Main Outcome Measures:
The primary outcome was mean intraocular pressure (IOP) reduction from baseline. The secondary outcome was medication-free survival with SLT repeated as needed.
Results:
The pooled data set included 265 eyes of 133 Afro-Caribbean participants. Mean (standard deviation) baseline IOP was 21.2 (3.4) and 21.2 (3.9) mmHg in right and left eyes, respectively. Over 8 years, mean IOP ranged from 12.8–15.7 mmHg and from 13.1–15.8 mmHg, respectively (p<0.0001 for every comparison to baseline). Median medication-free survival time for initial SLT was 85.4 months in both eyes. The 94-month medication-free survival of SLT repeated as needed was 71.2% and 71.7%, respectively.
Conclusions:
Monotherapy SLT, repeated as needed, safely provides significant IOP reductions in most Afro-Caribbean adults with POAG through nearly 8 years of follow-up and has significant potential to delay or prevent glaucoma-related vision loss in Black patients in low-resource regions.
TOC Statement
In this analysis of pooled data from 2 prospective studies, monotherapy SLT (repeated as needed) safely provides significant IOP reductions in most Afro-Caribbean adults with POAG through up to 8 years of follow-up, with 94-month medication-free survival >70%, and has significant potential to delay or prevent glaucoma-related vision loss in Black patients in low-resource regions.
Introduction
Glaucoma is the leading cause of irreversible vision loss and blindness worldwide.1 Blacks are at the highest risk of developing glaucoma and glaucoma-related blindness.2–4 The burden of disease is particularly problematic in low-resource areas through sub-Saharan Africa and other regions populated with African descendants such as the Caribbean. The prevalence of glaucoma in the United States has been estimated at 1.9%;2 in contrast, in Blacks in sub-Saharan Africa the prevalence has been estimated at 4.2%,5 and in various Caribbean countries at 7–8%.6,7 In the United States, glaucoma accounts for 6.4% of blindness in Whites and 26.0% in Blacks;8 globally, glaucoma accounts for 8.5% of blindness while in sub-Saharan Africa 11.7–15.5% of blindness is from glaucoma.9
Glaucoma cannot be cured, but the reduction of intraocular pressure (IOP) can reduce the risk of progression and vision loss.10,11 IOP reduction can be achieved using medical therapy, laser procedures, or surgical interventions. In low-resource countries as are found throughout Sub-Saharan Africa and the Caribbean, barriers to care are significant and likely explain in part the higher rates of glaucoma blindness in these regions.12
Both the West Indies Glaucoma Laser Study (WIGLS)13–16 and its preliminary study in Saint Lucia17 prospectively explored the utility of selective laser trabeculoplasty (SLT) as sole therapy for open-angle glaucoma (OAG) among Afro-Caribbean adults. These studies, coupled with other reports from various African locations,18–20 demonstrated a meaningful reduction in IOP among Blacks with open-angle glaucoma. The longest follow-up in these studies is 12 months, limiting the characterization of SLT’s role in the long-term management of glaucoma in this population.

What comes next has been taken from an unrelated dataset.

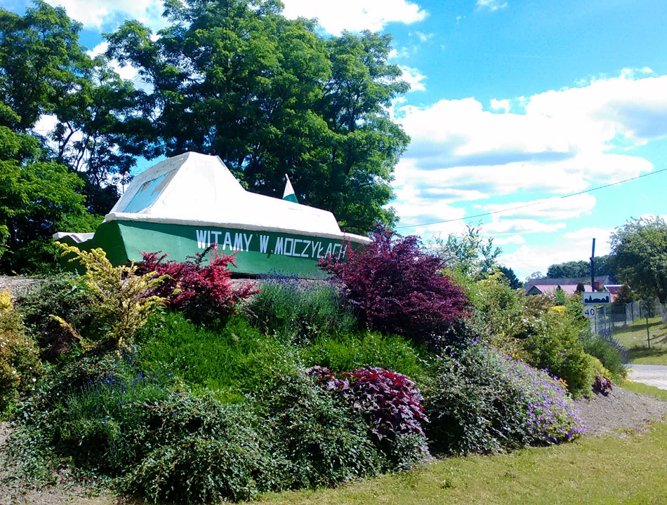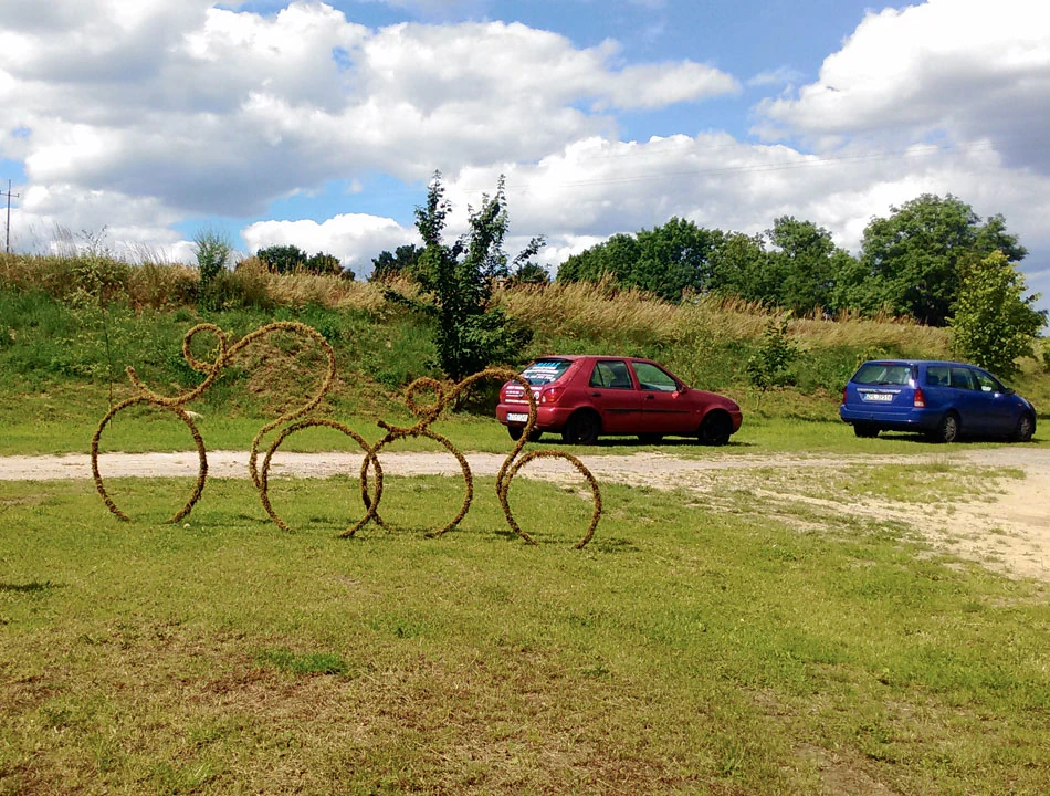 Nadal jedziemy wzdłuż Odry. W Moczyłach robimy sobie postój. Niestety nie ma już przyjaznych wiat do odpoczynku. Są za to, adekwatne do trasy, dzieła sztuki.

In this report, we describe the long-term (up to 7.8 years) outcomes of SLT in Afro-Caribbean patients with OAG in an analysis of the pooled data from WIGLS and its preliminary study.
Methods
This was a post hoc analysis of the pooled data from both WIGLS and its preliminary study. The preliminary study was conducted in Saint Lucia to establish proof of concept that SLT monotherapy was a viable therapeutic approach to OAG among Afro-Caribbeans and also to inform the design of WIGLS, which was conducted in Saint Lucia and Dominica. Given their relatedness, most design elements, including eligibility criteria and methods, were closely harmonized between studies. The preliminary study was a prospective interventional case series, and WIGLS was a prospective study utilizing a stepped-wedge design to randomize subjects to immediate versus delayed washout of IOP lowering medications followed by SLT. Both were reviewed and approved by all relevant ethics boards at West Virginia University as well as in the countries where they were conducted. All subjects provided written informed consent to participate. The preliminary study was launched in December 2010, at which time the study’s design did not require trial registration; WIGLS was launched in March 2015 and was registered at ClinicalTrials.gov (NCT 02375009) before enrollment began. Both studies were concluded in September 2018.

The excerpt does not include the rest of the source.